* [HOW TO COMPLETE THIS TASK]: Each entry below should be written out exactly as it is, with no pictures.

* [DATA IN THIS EXERCISE]:
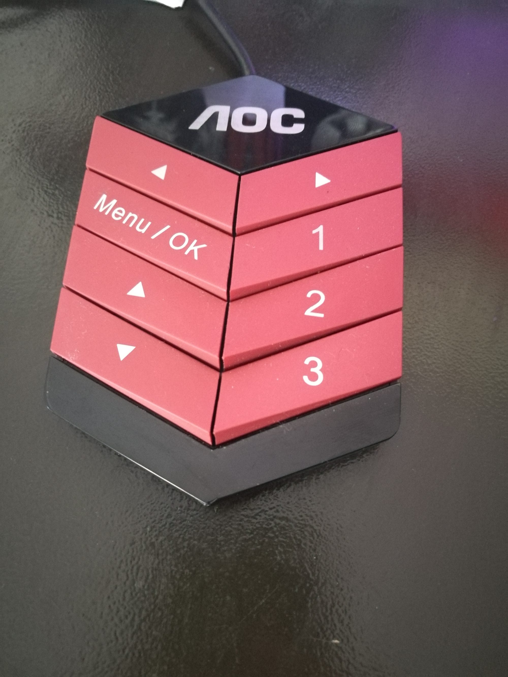 Als laatste, en zeker niet te vergeten, het regelkastje. Bovenaan wederom de letters in het wit AOC. Daaronder een 8tal rode knoppen die knoppen onder het beeldscherm overbodig maken. Een leuke toevoeging! Zeker omdat je zo snel verschillende modi kan instellen. Meer daarover later.
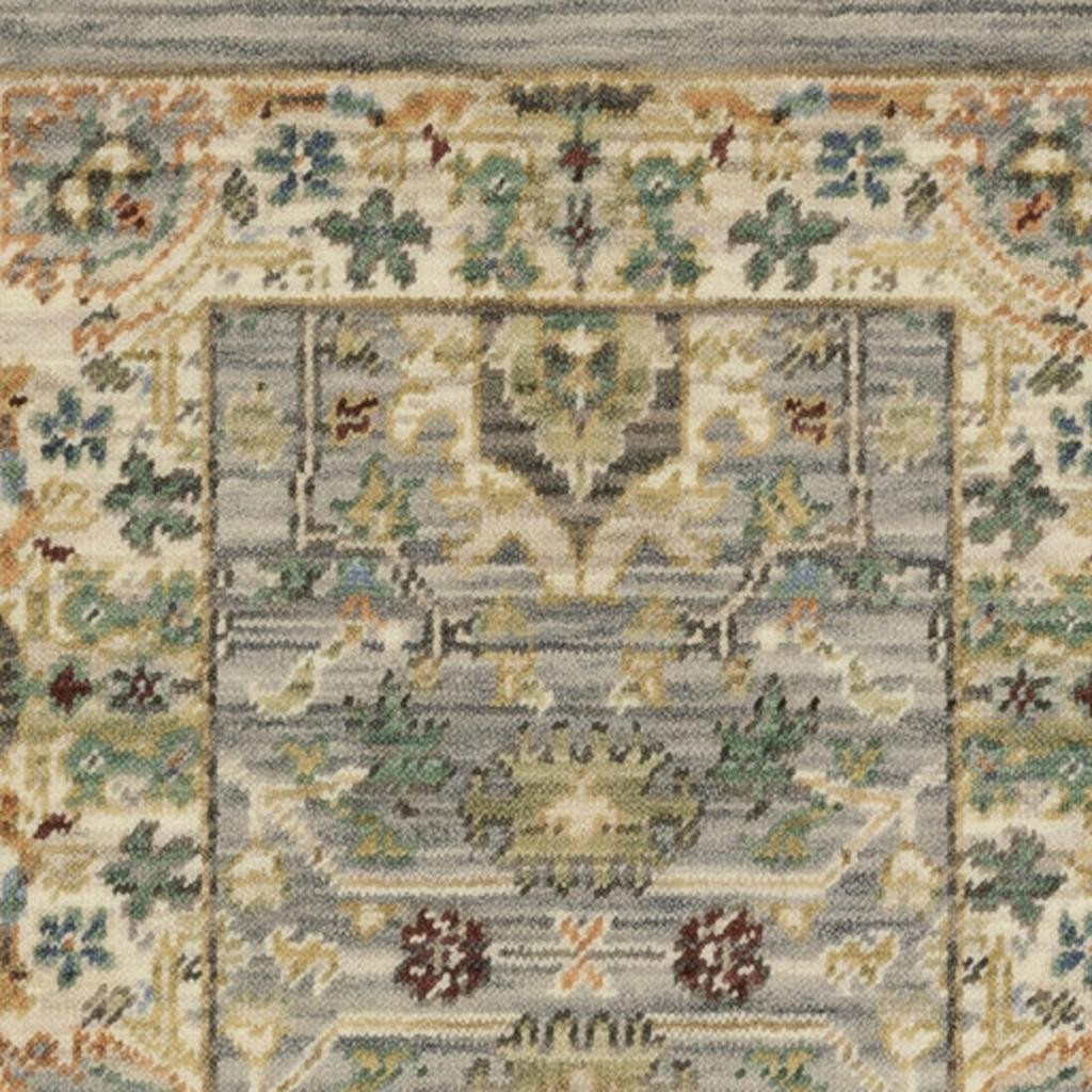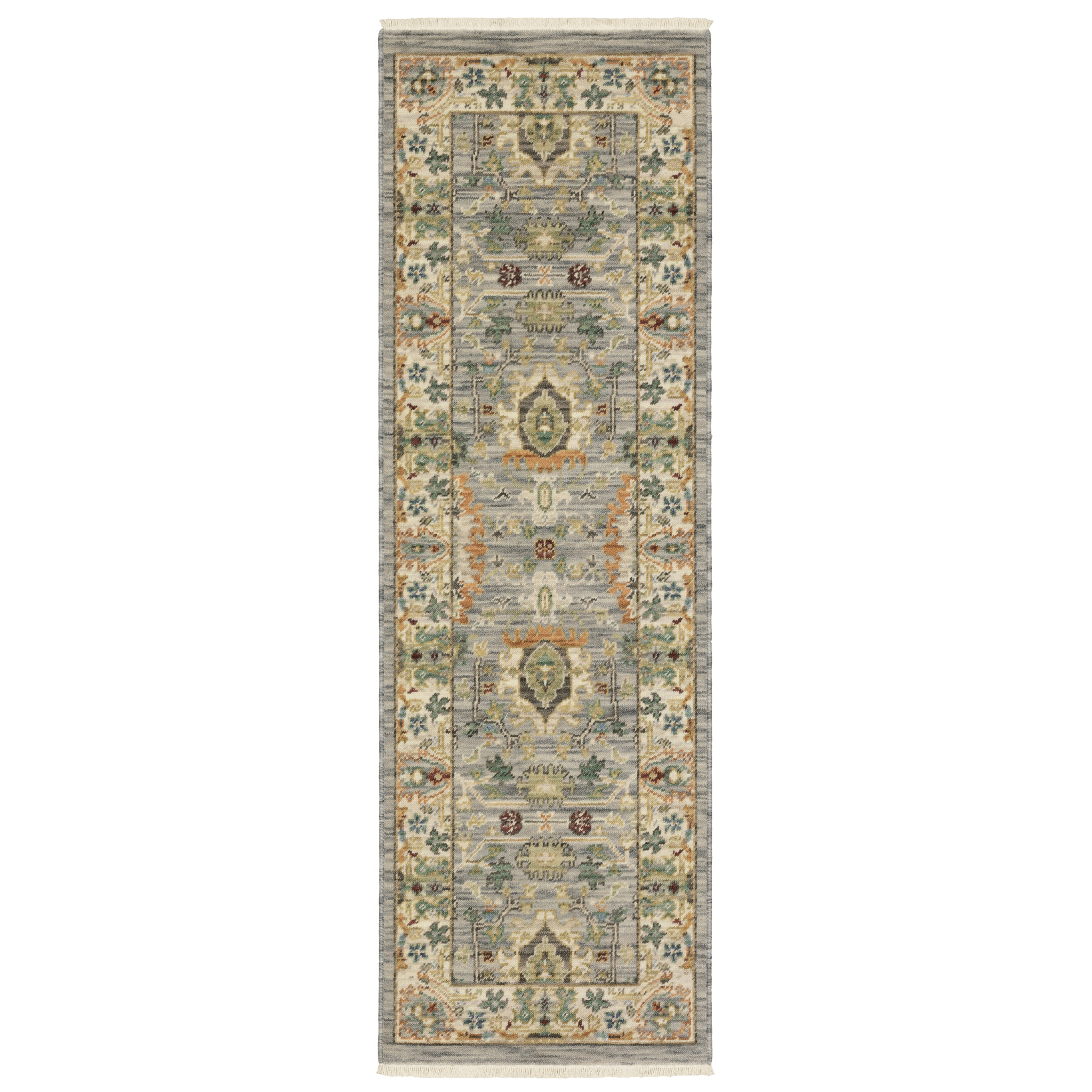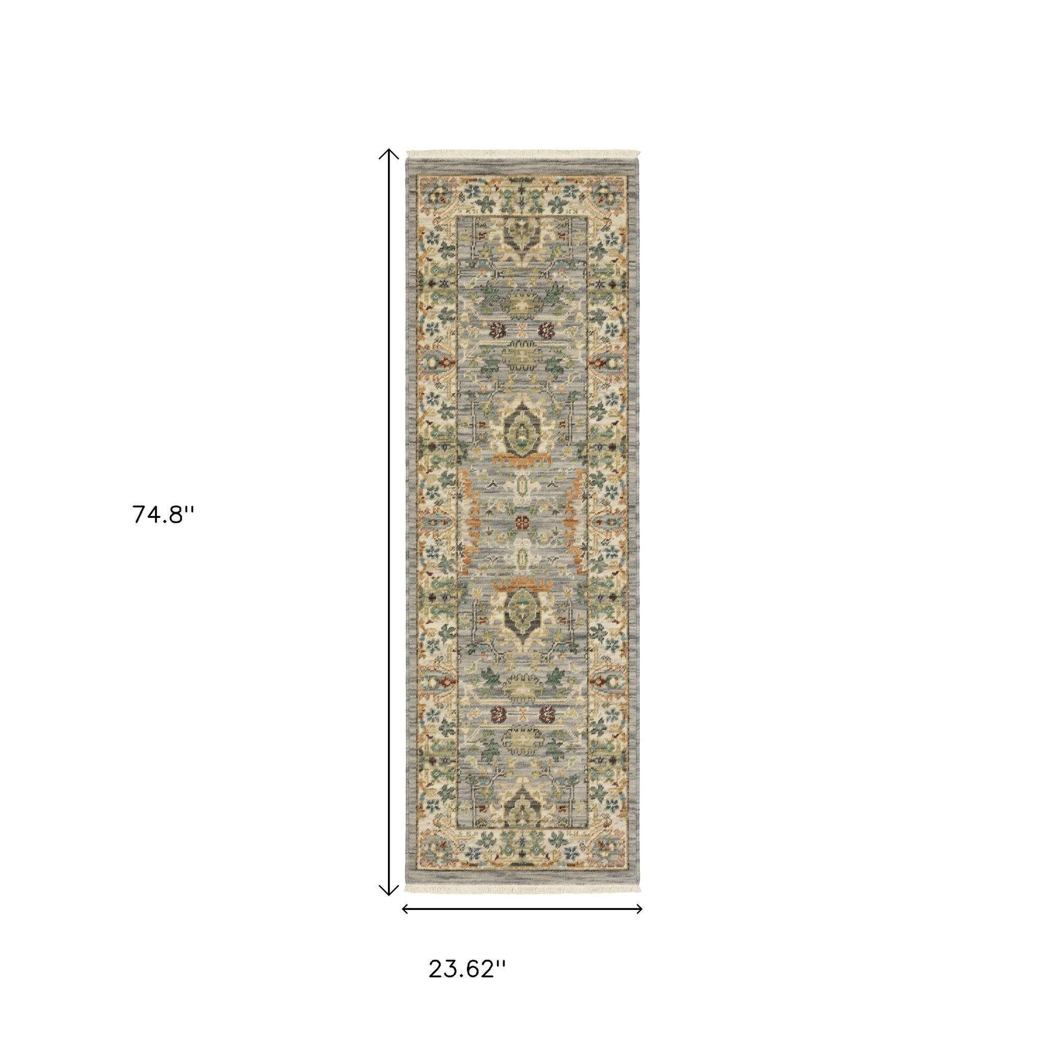 Set an inviting tone in your space with this 2' x 6' grey ivory orange teal green charcoal blue and red oriental power loom stain resistant runner rug with fringe. This runner shaped rug features a oriental design in grey ivory orange teal green charcoal blue and red to give it visual interest. A classic shape marries with good looking design for your space Ideal for spaces with kids and pets, this rug is stain resistant to help repel stains and spilled liquids. Tassel ends bring a timeless and fashionable look to your interior. Area Rugs help to give warmth and sense of home to your space. 0.31" H x 23.62" W x 74.8" D
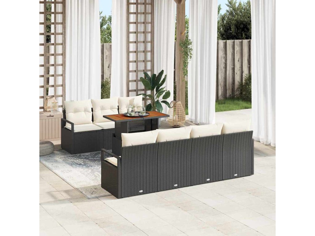 Súprava záhradných pohoviek s vankúšom 8 pcs Čierna a krémová 3349669
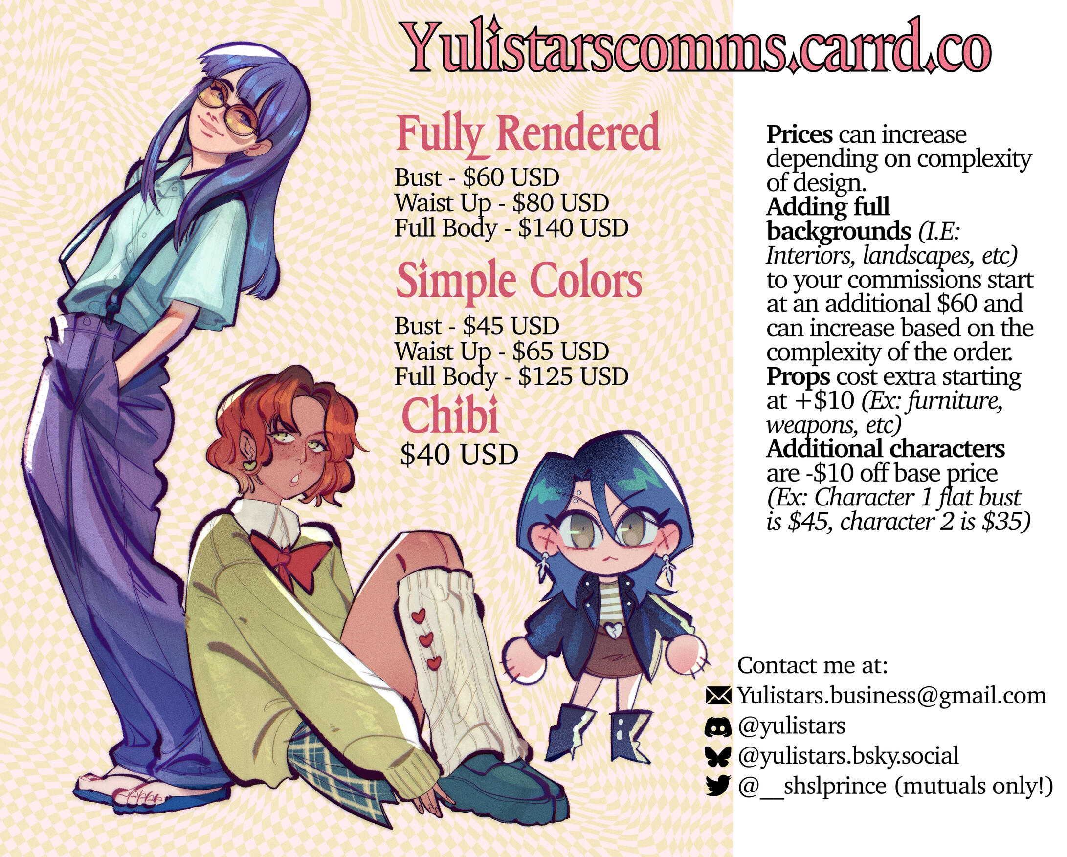 Adding full backgrounds (I.E: Interiors, landscapes, etc) to your commissions start at an additional $60 and can increase based on the complexity of the order.
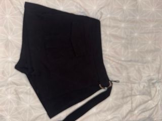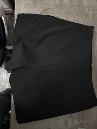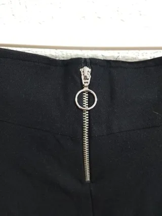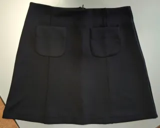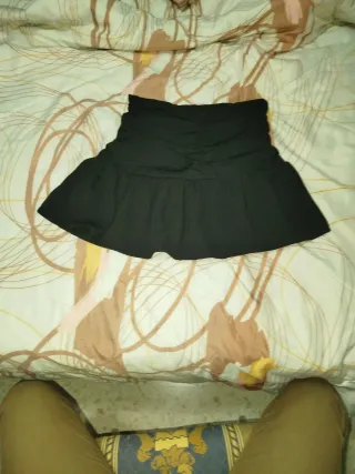 Falda corta de tela negra con un diseño moderno y práctico. Elastica da un poco mas de talla. - Dos bolsillos frontales. - Corte recto. - Cintura alta.
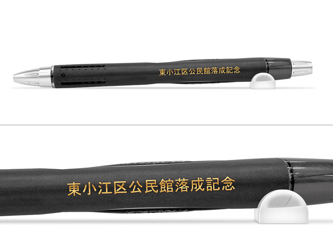 三菱uniのくせになるなめらかな書き味でおなじみのジェットストリームシリーズ。ジェットストリーム ラバーボディ 0.7mmへ名入れ致しました。クセになるなめらかな書き味と優れた速乾性が特徴です。その為、手が汚れるストレスも軽減します。人気の高いラバーボディタイプとなっており、握りやすいラバーボディは長時間書いても疲れにくくなっております。今回、書体は角ゴシックで本体色ガンメタリックに金の印刷色で名入れさせて頂きました。かっこいい仕上がりとなっております。ボールペンはのし箱に入れて納品致しました。
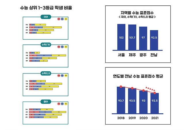 한국교육과정평가원이 공개한 2021학년도 수능 결과에 따르면 전남은 17개 시도교육청 중 국어는 16위, 수학가는 17위, 수학나는 16위를 기록하며 사실상 전국 최하위의 성적표를 받았다. 전남의 표준점수 평균(국어, 수학가, 수학나)은 92.5점으로, 서울 102.0, 제주 101.7, 광주 97.0에 비해 크게 떨어진다.
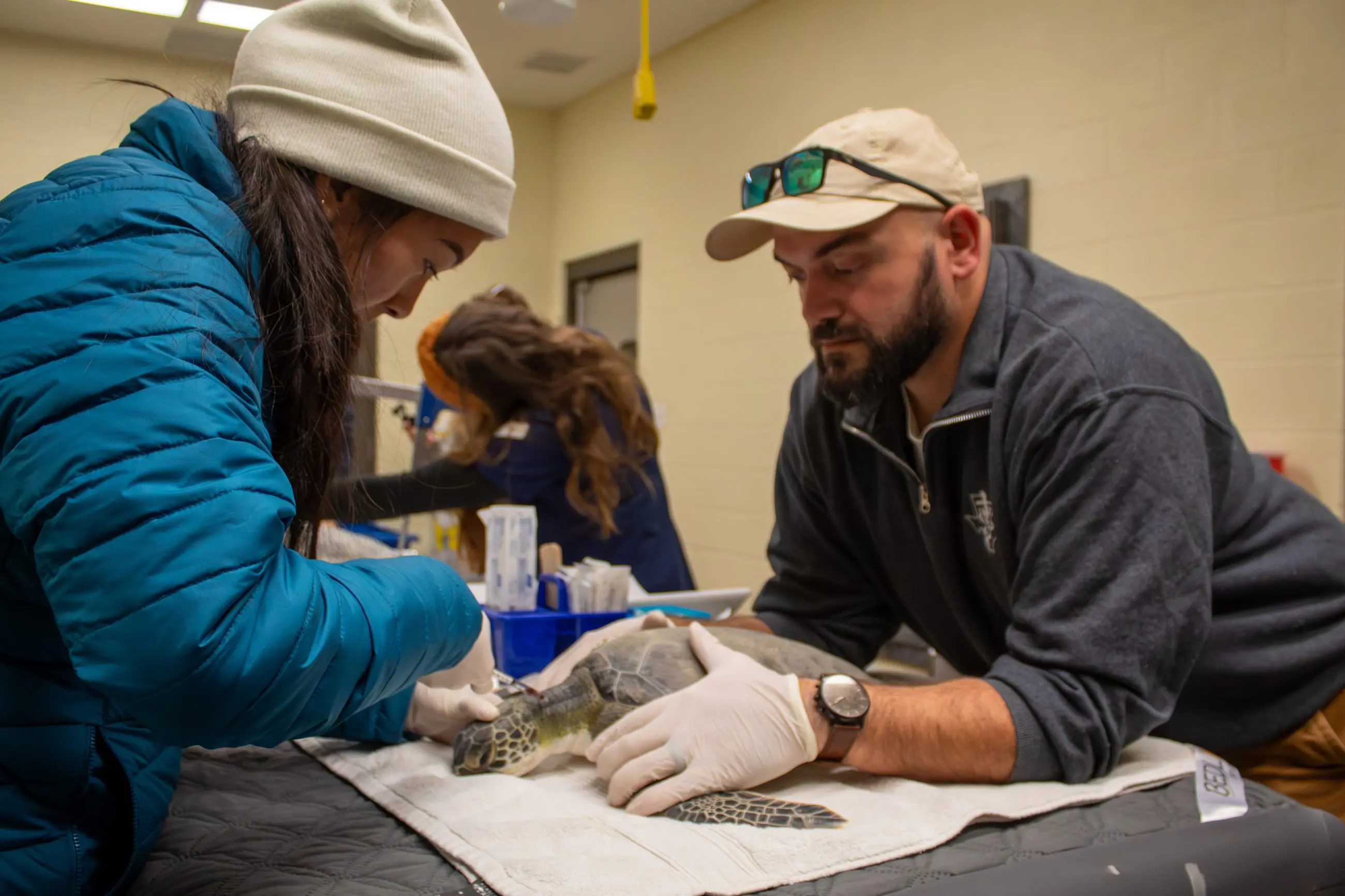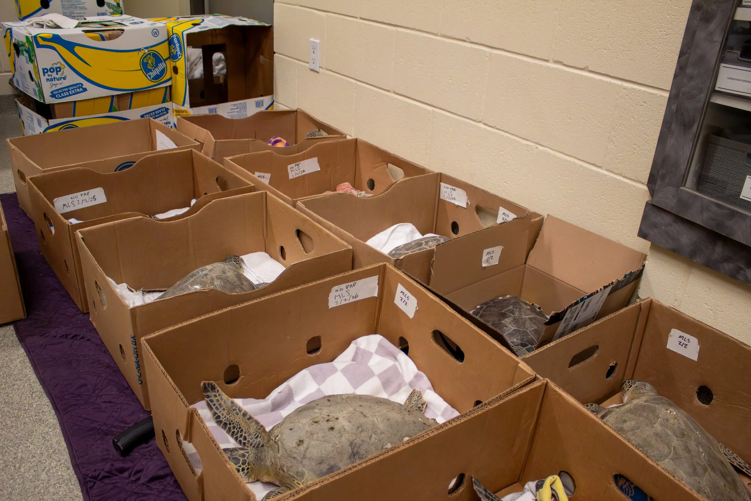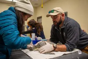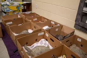 Noting the expected cold temperatures, our veterinary team prepared in advance for this influx by stockpiling items from medical supplies to bins to hold sea turtles in as they slowly came back to a normal temperature. This puts a strain on our supply and staffing budget.
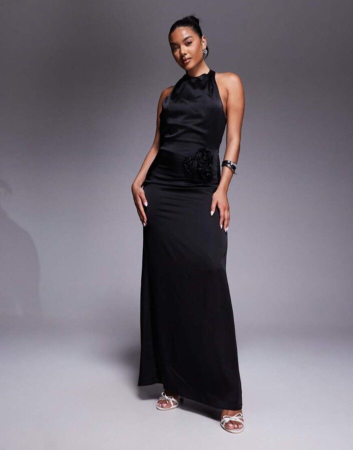 Jarlo satin halterneck open back corsage detailing maxi dress in black
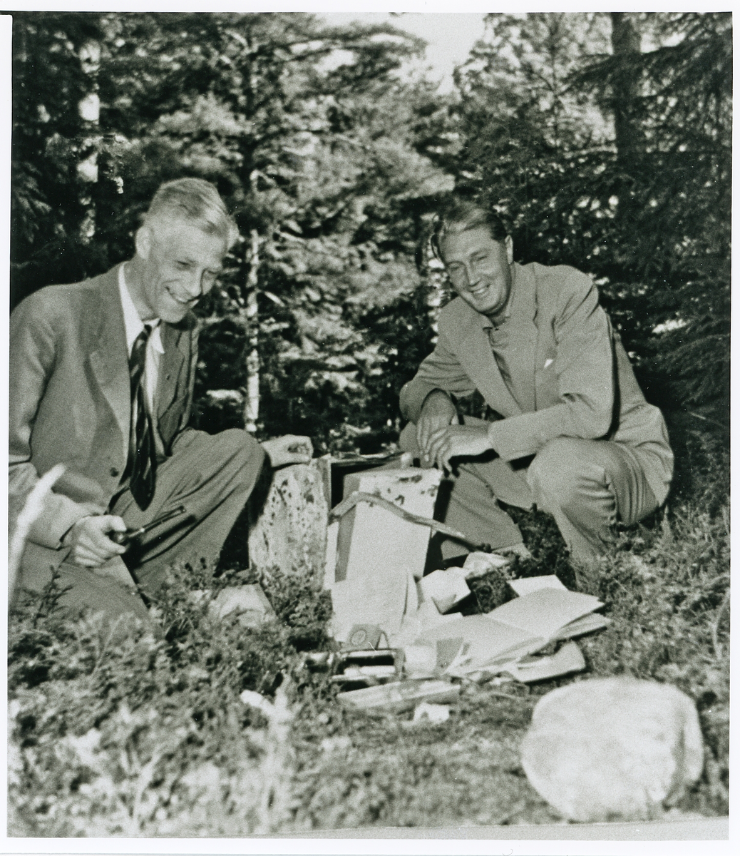 Kriminalpolisen Växjö 1956. Birger Strandmark och Olof Ringius vid en tjuvgömma med div. stöldgods ute i skogen.
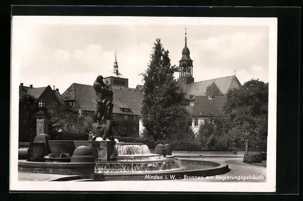 AK Minden i. W., das Regierungsgebäude hinter dem Brunnen

* [WORKED SOLUTION]:
 Als laatste, en zeker niet te vergeten, het regelkastje. Bovenaan wederom de letters in het wit AOC. Daaronder een 8tal rode knoppen die knoppen onder het beeldscherm overbodig maken. Een leuke toevoeging! Zeker omdat je zo snel verschillende modi kan instellen. Meer daarover later.
 Set an inviting tone in your space with this 2' x 6' grey ivory orange teal green charcoal blue and red oriental power loom stain resistant runner rug with fringe. This runner shaped rug features a oriental design in grey ivory orange teal green charcoal blue and red to give it visual interest. A classic shape marries with good looking design for your space Ideal for spaces with kids and pets, this rug is stain resistant to help repel stains and spilled liquids. Tassel ends bring a timeless and fashionable look to your interior. Area Rugs help to give warmth and sense of home to your space. 0.31" H x 23.62" W x 74.8" D
 Súprava záhradných pohoviek s vankúšom 8 pcs Čierna a krémová 3349669
 Adding full backgrounds (I.E: Interiors, landscapes, etc) to your commissions start at an additional $60 and can increase based on the complexity of the order.
 Falda corta de tela negra con un diseño moderno y práctico. Elastica da un poco mas de talla. - Dos bolsillos frontales. - Corte recto. - Cintura alta.
 三菱uniのくせになるなめらかな書き味でおなじみのジェットストリームシリーズ。ジェットストリーム ラバーボディ 0.7mmへ名入れ致しました。クセになるなめらかな書き味と優れた速乾性が特徴です。その為、手が汚れるストレスも軽減します。人気の高いラバーボディタイプとなっており、握りやすいラバーボディは長時間書いても疲れにくくなっております。今回、書体は角ゴシックで本体色ガンメタリックに金の印刷色で名入れさせて頂きました。かっこいい仕上がりとなっております。ボールペンはのし箱に入れて納品致しました。
 한국교육과정평가원이 공개한 2021학년도 수능 결과에 따르면 전남은 17개 시도교육청 중 국어는 16위, 수학가는 17위, 수학나는 16위를 기록하며 사실상 전국 최하위의 성적표를 받았다. 전남의 표준점수 평균(국어, 수학가, 수학나)은 92.5점으로, 서울 102.0, 제주 101.7, 광주 97.0에 비해 크게 떨어진다.
 Noting the expected cold temperatures, our veterinary team prepared in advance for this influx by stockpiling items from medical supplies to bins to hold sea turtles in as they slowly came back to a normal temperature. This puts a strain on our supply and staffing budget.
 Jarlo satin halterneck open back corsage detailing maxi dress in black
 Kriminalpolisen Växjö 1956. Birger Strandmark och Olof Ringius vid en tjuvgömma med div. stöldgods ute i skogen.
 AK Minden i. W., das Regierungsgebäude hinter dem Brunnen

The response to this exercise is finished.